-- TASK REQUIREMENTS --
Starting at the line that contains "والأقحوان نجوم ..." and stopping at the line that contains "the fastener seating", transcribe every line of the material below exactly; pictures stay out.

============================================================

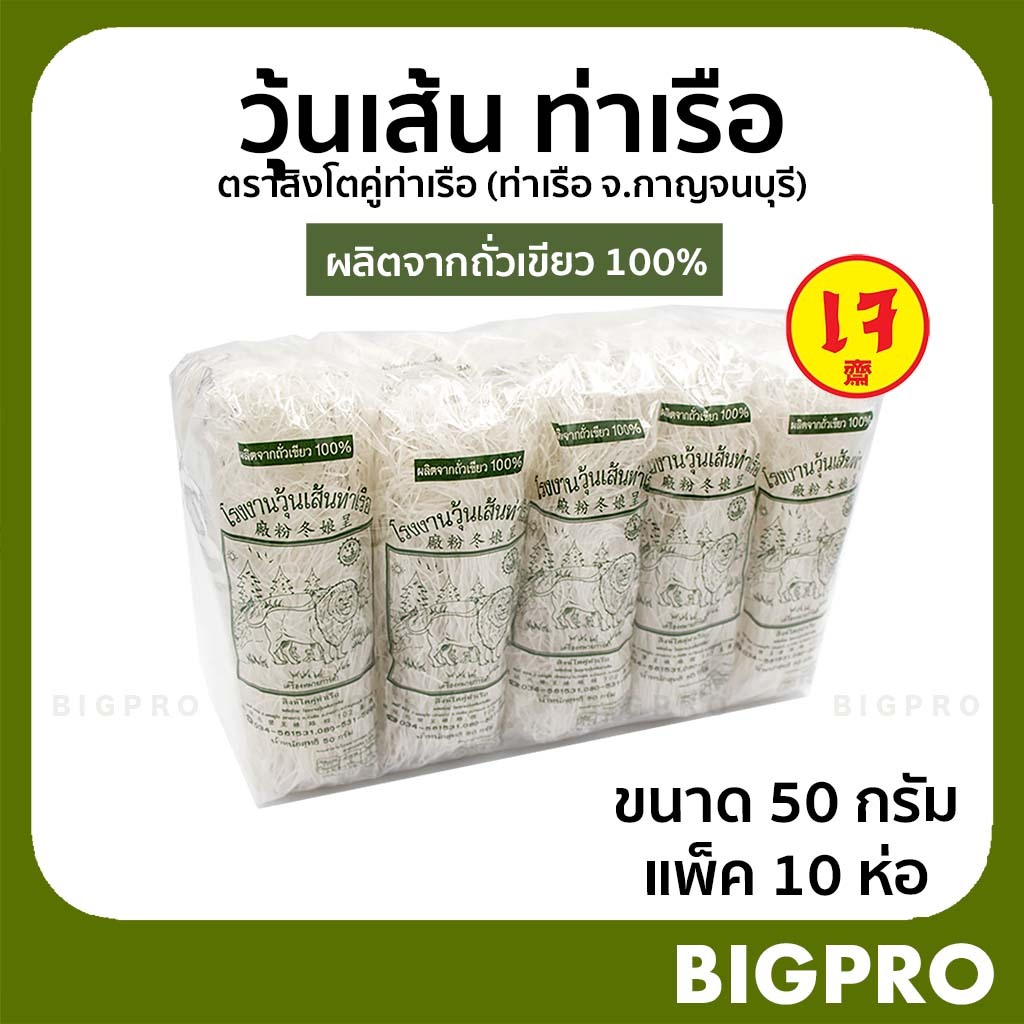 วุ้นเส้น วุ้นเส้นท่าเรือ ตราสิงห์โต เจ้าเก่า เจ้าดัง ผลิตจากถั่วเขียวแท้ 100% ขนาด 50 กรัม แพ็ค 10 ห่อ
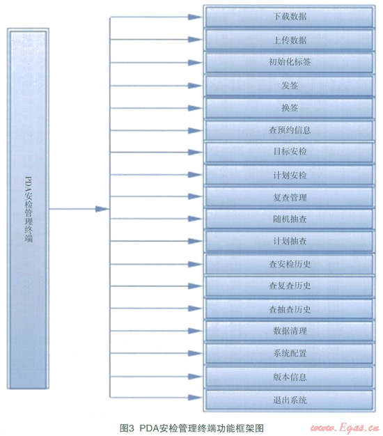 PDA安檢管理終端為安檢人員進行發(fā)簽、安檢、復(fù)查、換簽,以及安檢管理人員的安檢抽查提供現(xiàn)場操作手段。PDA安檢管理終端功能框架圖如圖3所示:
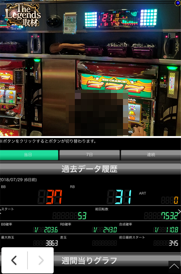 前日と同様に、『ゴーゴージャグラー』や『ハッピージャグラーVⅡ』でボーナス合算確率1/130以下のデータを目撃した。
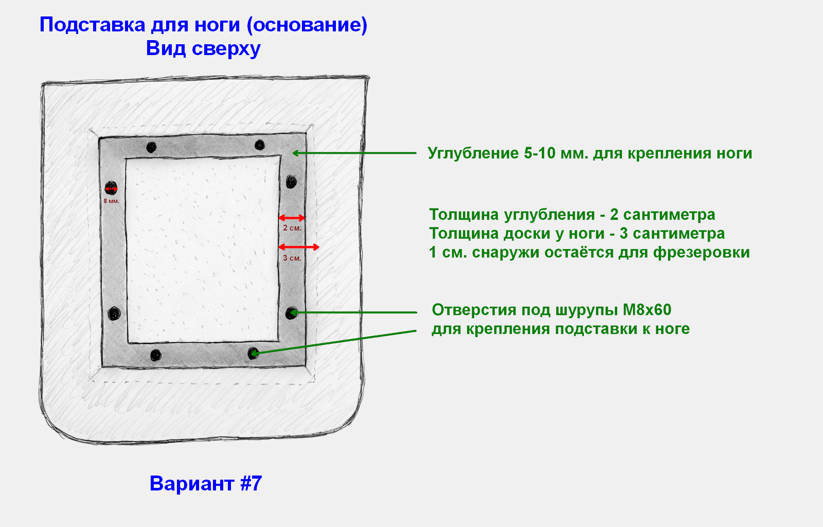 [ учочнить ] Для придания ноге стойки большей устойчивости можно сделать в верхней части основания углубления для ноги. Предполагаю, что 5-10 миллиметров будет достаточно. Но вы можете меня переубедить, если приведёте аргументы против этой идеи. Я вижу здесь только одну большую проблему - если углы у ноги будут скруглёнными или с красивой фрезеровкой, то вырезать подходящее отверствие в основании будет непросто. Но можно, например, сделать ноги из досок толщиной 3 см. вместо 2 см. - и тогда все проблемы будут сразу решены.
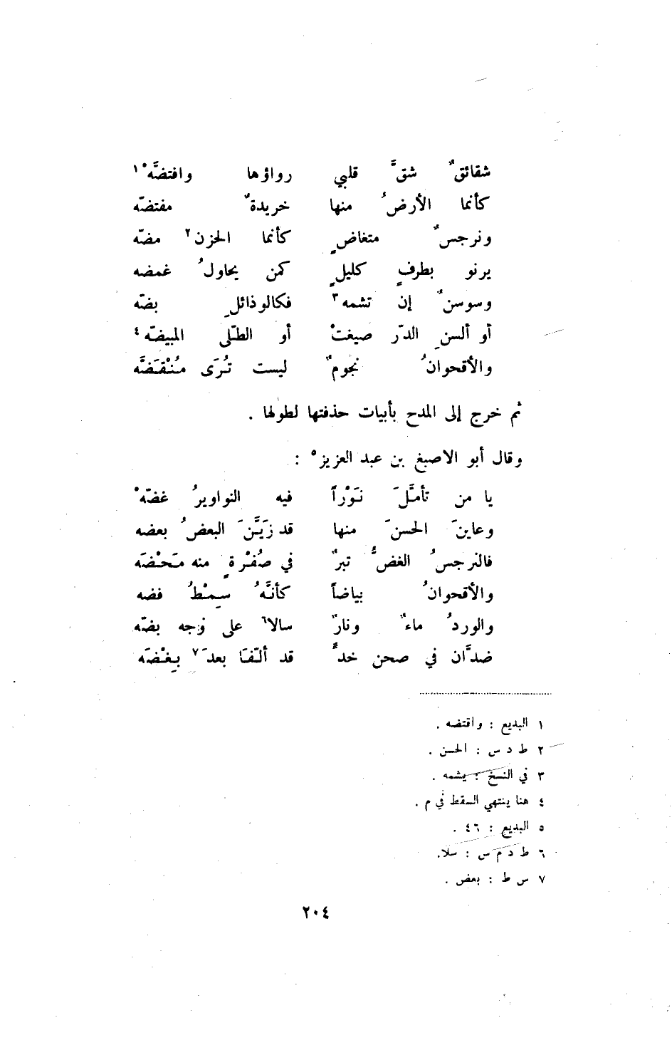 والأقحوان نجوم ... ليس ترى منقضه ثم خرج إلى المدح بأبيات حذفتها لطولها.
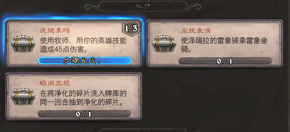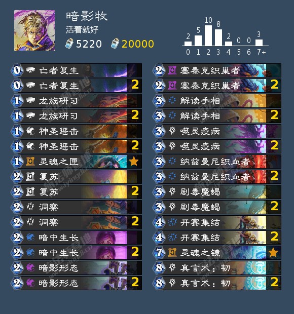 卡组是集结牧的改版,因此生成额外法术的能力很强,多来点暗影形态可以加速成就的完成。
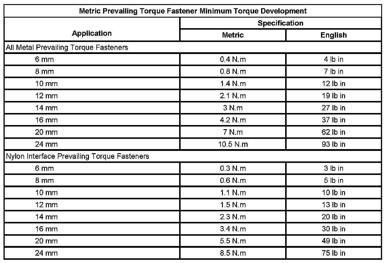 * The fastener develops the specified minimum torque against its counterpart prior to the fastener seating
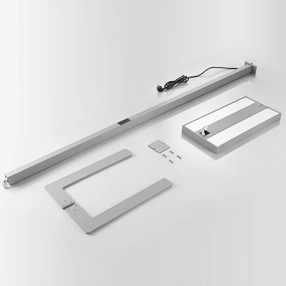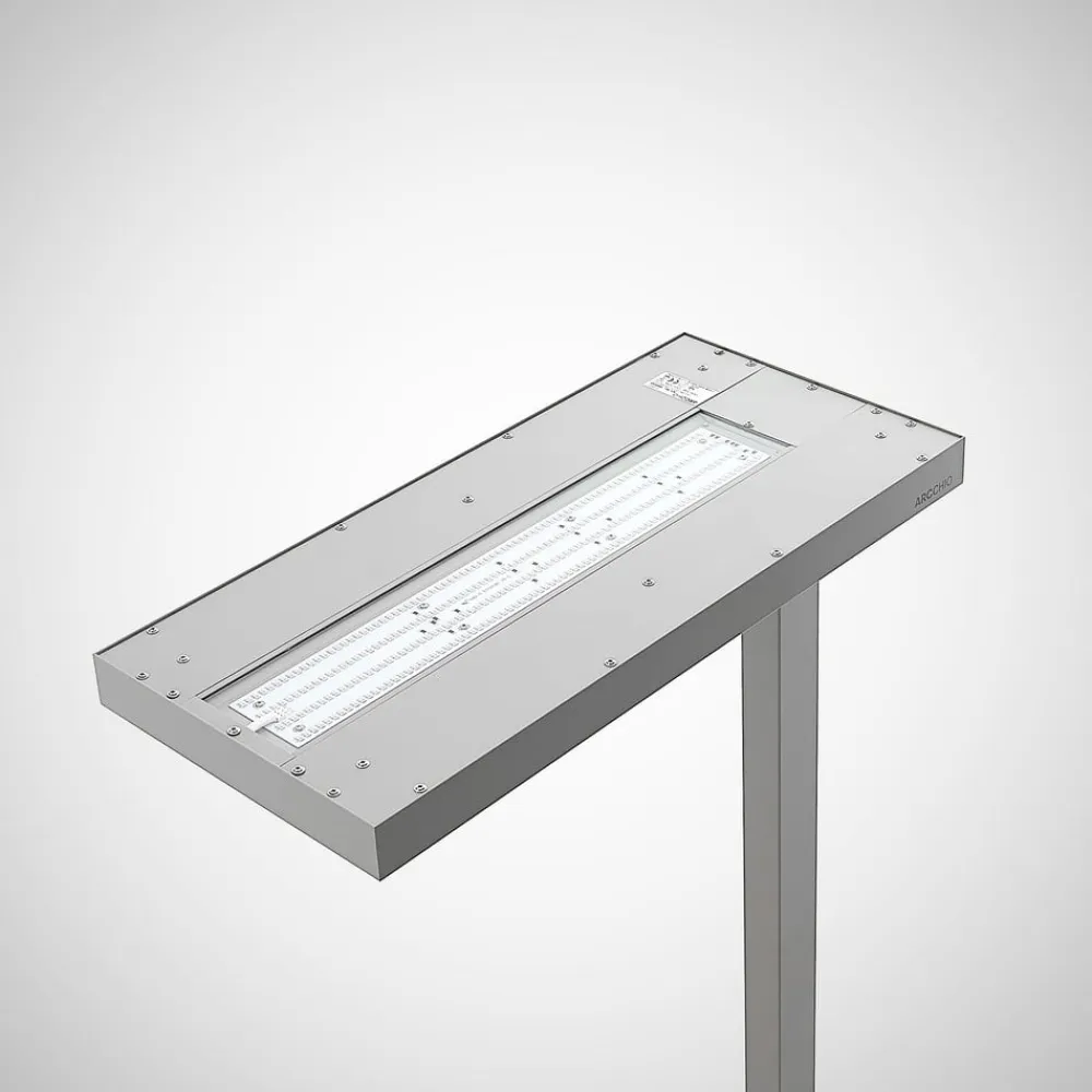 Ideel til kontorer – dæmpbar Logan Ultra LED-gulvlampe til kontor med touchpanel, sensor, bevægelsessensor og CCT-lysstyring Den moderne Logan Ultra LED-gulvlampe er ideel til belysning af en arbejdsplads. Det giver direkte lys ned mod arbejdsfladen, som kan dæmpes og også ændres i hvidt lys ved hjælp af det letbetjente touchpanel på armaturet. Samtidig spotlighter lyset også opad og skaber indirekte rumbelysning ud over den målrettede omgivelsesbelysning. Dette kan også dæmpes separat via panelet, og lysfarven kan justeres. Den integrerede dagslyssensor sørger for, at lyset tændes automatisk, når det bliver mørkt, og justerer lysstyrken afhængigt af det omgivende lys, mens en bevægelsessensor sørger for, at lyset tændes, når der er aktivitet, og slukkes efter 30 minutters inaktivitet. Takket være den U-formede base kan LED-gulvlampen placeres perfekt ved arbejdsstationen, hvilket sikrer ideelle arbejdsforhold – til skærmarbejdspladser – dæmpbar – CCT-farveskiftfunktion – med bevægelsessensor (slukker efter 30 min) – med dagslyssensor – U-formet base – flimmerfri – SDCM < 3 – UGR < 17 – direkte og indirekte lys – slagfasthedsklasse IK02

============================================================

-- YOUR RESPONSE --
 والأقحوان نجوم ... ليس ترى منقضه ثم خرج إلى المدح بأبيات حذفتها لطولها.
 卡组是集结牧的改版,因此生成额外法术的能力很强,多来点暗影形态可以加速成就的完成。
 * The fastener develops the specified minimum torque against its counterpart prior to the fastener seating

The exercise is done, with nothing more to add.